Then came the proposal to endow this little laboratory with part of the Carnegie millions and to erect it into a rich and aristocratic palace of science. At first glance the proposal seemed as admirable as the purpose that prompted it. And yet——
This is a day when the numerous newcomers among our multi-millionaires are so pouring out the millions that it looks as if presently the necessity for struggle, the incentive to struggle, in the development of brain power, would be almost wholly removed. In the progress of the race, wealth in possession has played a very small part—has more often interfered to blight than to bless. Wealth possessed means ease and power without effort, and a sense that the goal has been reached. It means the mind at rest, tending to sloth and slumber, with life’s greatest fears and greatest incentives removed. Above all, it means an atmosphere of self-complacency and satiety and languor that insensibly relaxes the strongest fibre.

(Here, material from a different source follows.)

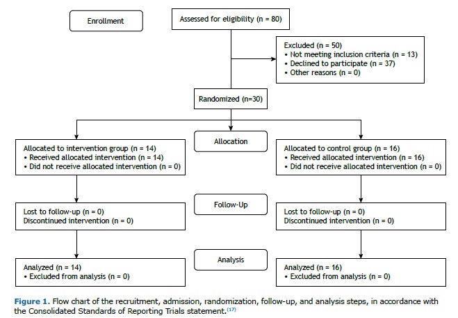 METHODS Study design, setting, and participants This was a single-center RCT conducted at the Federal University of Rio de Janeiro—located in the city of Rio de Janeiro, Brazil—in collaboration with the Istituti Clinici Scientifici Maugeri—a referral center in the city of Tradate, Italy—which supported the study design and statistical analysis, following the guidelines established in the Consolidated Standards of Reporting Trials statement.(17)

Carnegie millions may help to keep a-burning the light in that plain little temple of science at Woods Hole—may, if judiciously used. But not if they stifle the splendid, self-sacrificing, self-unconscious enthusiasm which set that light a-blazing. The lesson is wider than the instance—far wider. It was wealth and patronage that rotted the splendid intellect of Greece; wealth again, and patronage, that brought the Renaissance to an abrupt, inglorious end. And how much the English intellect in its long period of most brilliant achievement owed to the contempt of the English dominant classes—that of birth and that of commerce—for scientists, writers and “those kinds of cattle!”